##### EXERCISE INPUT #####
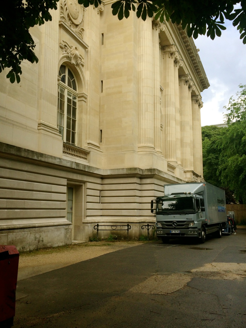 Thwarted, but still willing to fight the good fight, I snuck all around the Grand Palais and even into the delivery area out back. I didn’t get much, but I did see part of the show’s stage and the trucks that the lights were transported on.
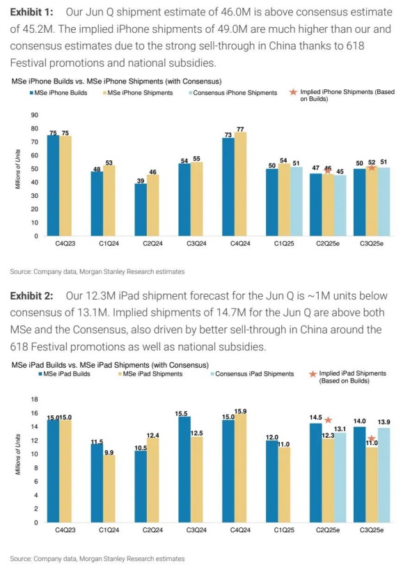 但目前的产量预测显示,三季度iPhone出货量与摩根士丹利当前2000万部的预测一致,iPad产量比其1300万部的预测高出100万部。因此,尽管三季度季节性表现疲软,但基于二季度的强劲基数,生产和出货量实际上表明,三季度的出货量仍将符合或略高于该行预期。
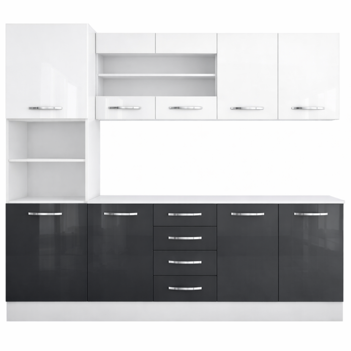 Daca spatiul tau se rezuma la 220cm si esti un iubitor al culorii lucioase, noi iti recomandam mobila de bucatarie Antonia Mdf!
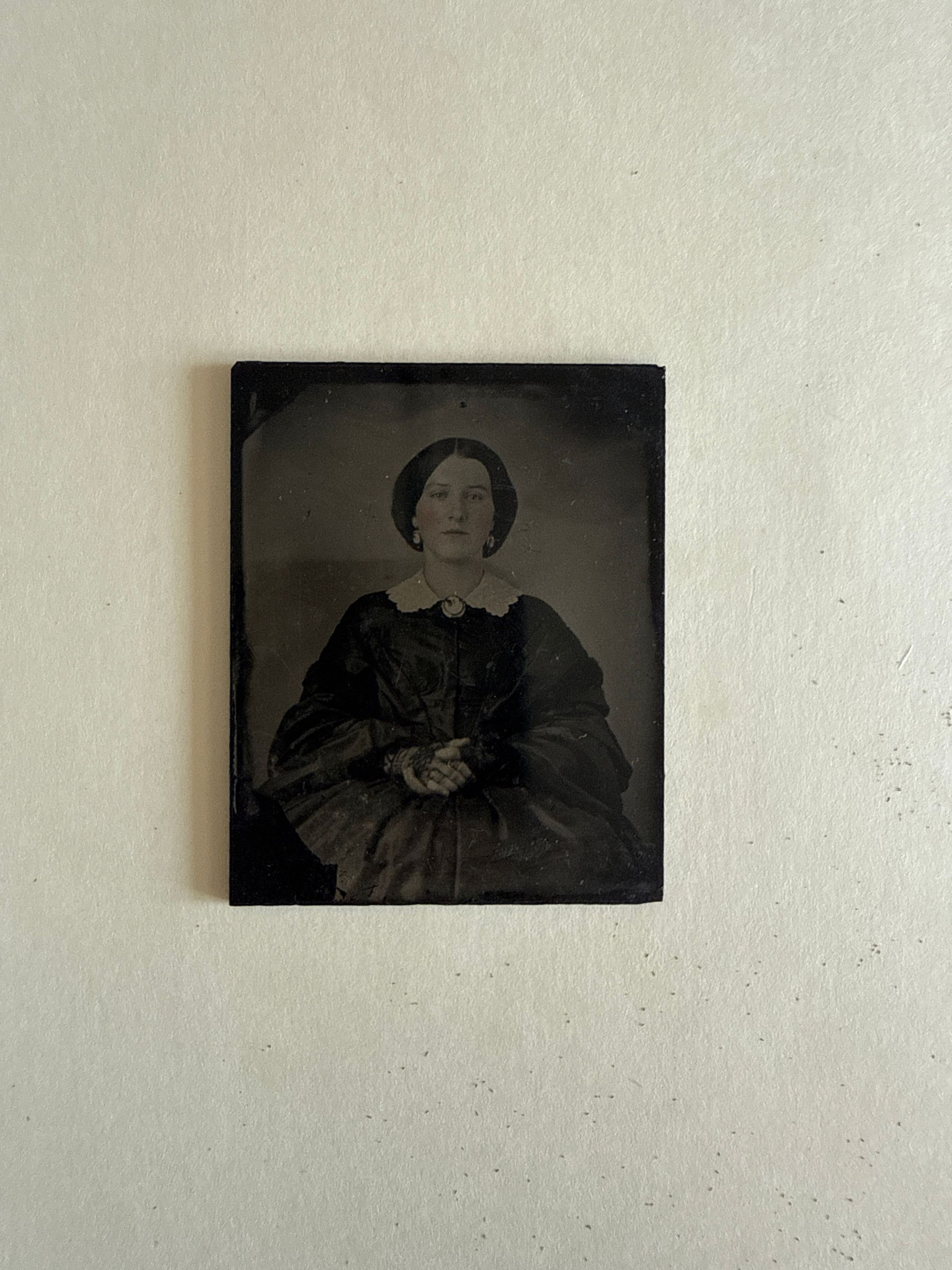 Formal portrait of a woman, hands clasped at her waist. Tinted cheeks. Wearing earrings, black dress with huge sleeves, white collar, cameo brooch.
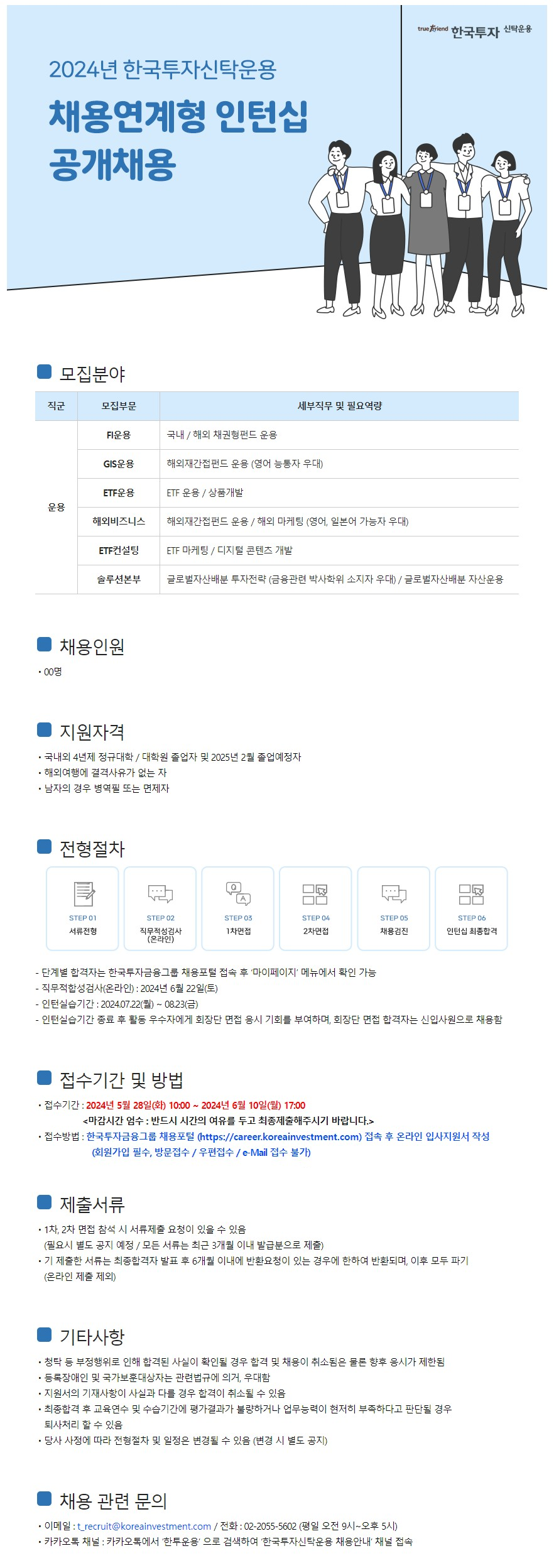 [한국투자신탁운용] 2024년 채용연계형 인턴십 공개채용(~6/10) 글의 상세내용
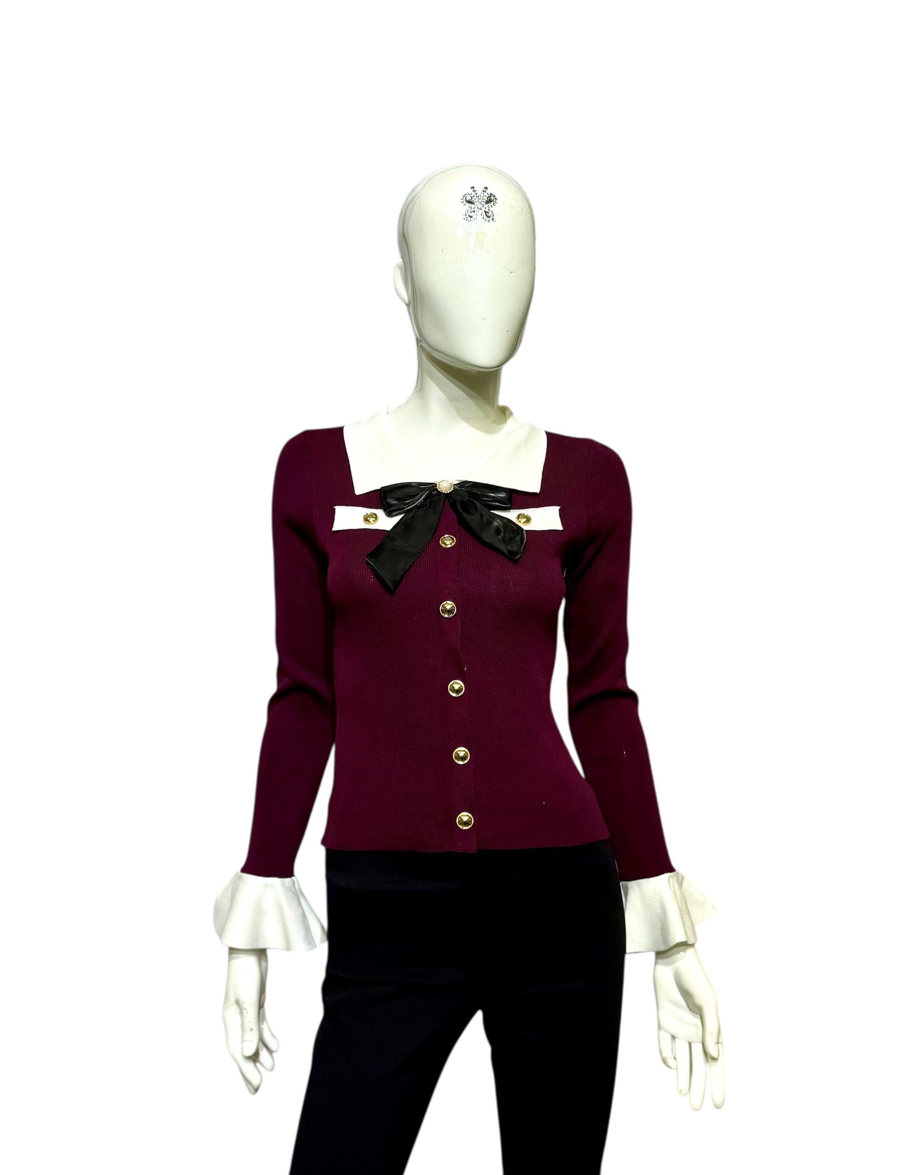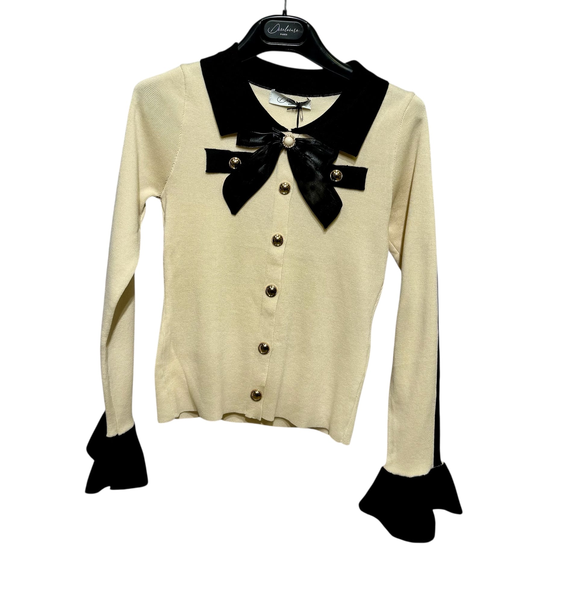 Maglioncino a costine con colletto camicia e dettaglio di fiocco con perla e manica ampia
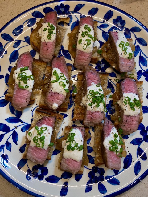 - Assemble the crostini. Add the onions, sliced steak, and horseradish cream.
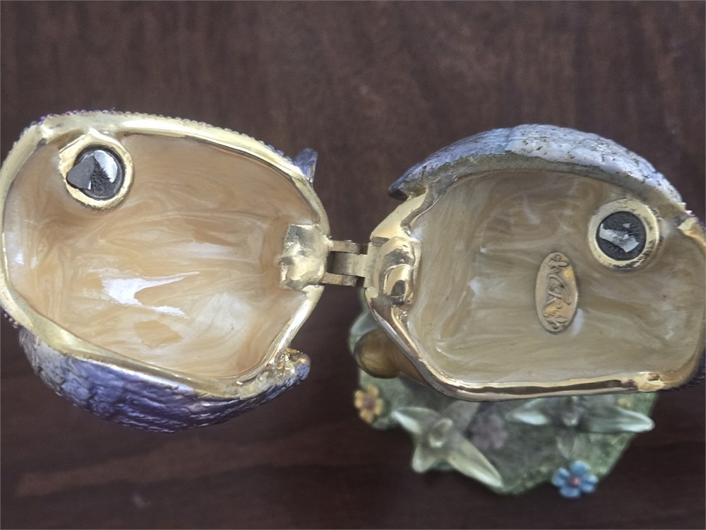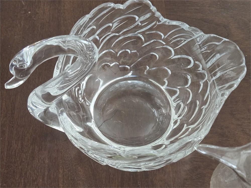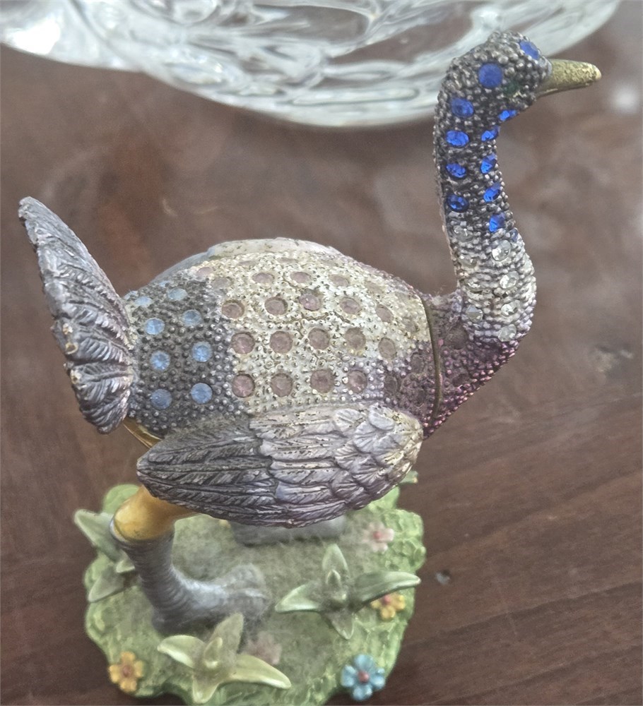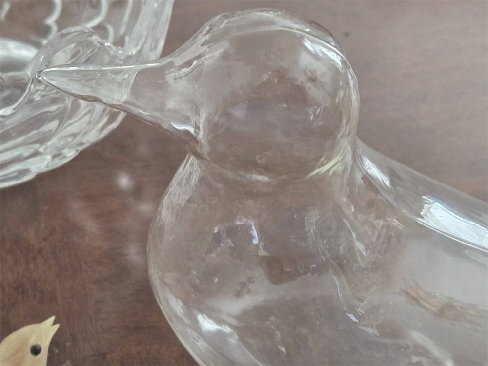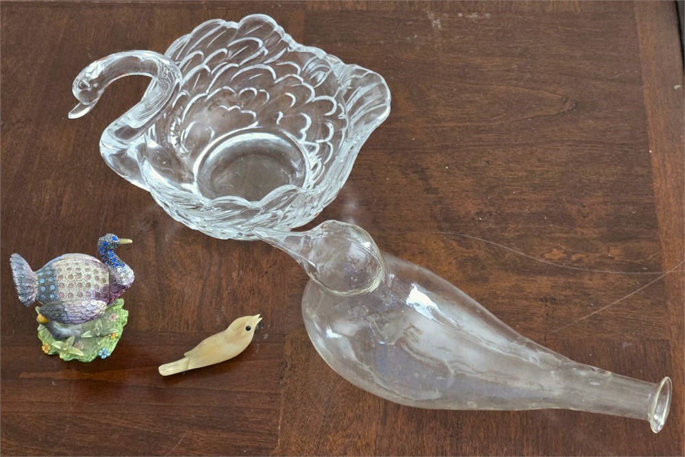 Heavy Glass Swan, Blown Glass Bird Flower Holder, Horn carving,Trinket Box
#####
TASK OBJECTIVE
Only the lines starting at the one that holds "[한국투자신탁운용] 2024년 채용연계형" and ending at the last line of the data belong in your answer. Please set them down exactly and omit the pictures.

SOLUTION BELOW
 [한국투자신탁운용] 2024년 채용연계형 인턴십 공개채용(~6/10) 글의 상세내용
 Maglioncino a costine con colletto camicia e dettaglio di fiocco con perla e manica ampia
 - Assemble the crostini. Add the onions, sliced steak, and horseradish cream.
 Heavy Glass Swan, Blown Glass Bird Flower Holder, Horn carving,Trinket Box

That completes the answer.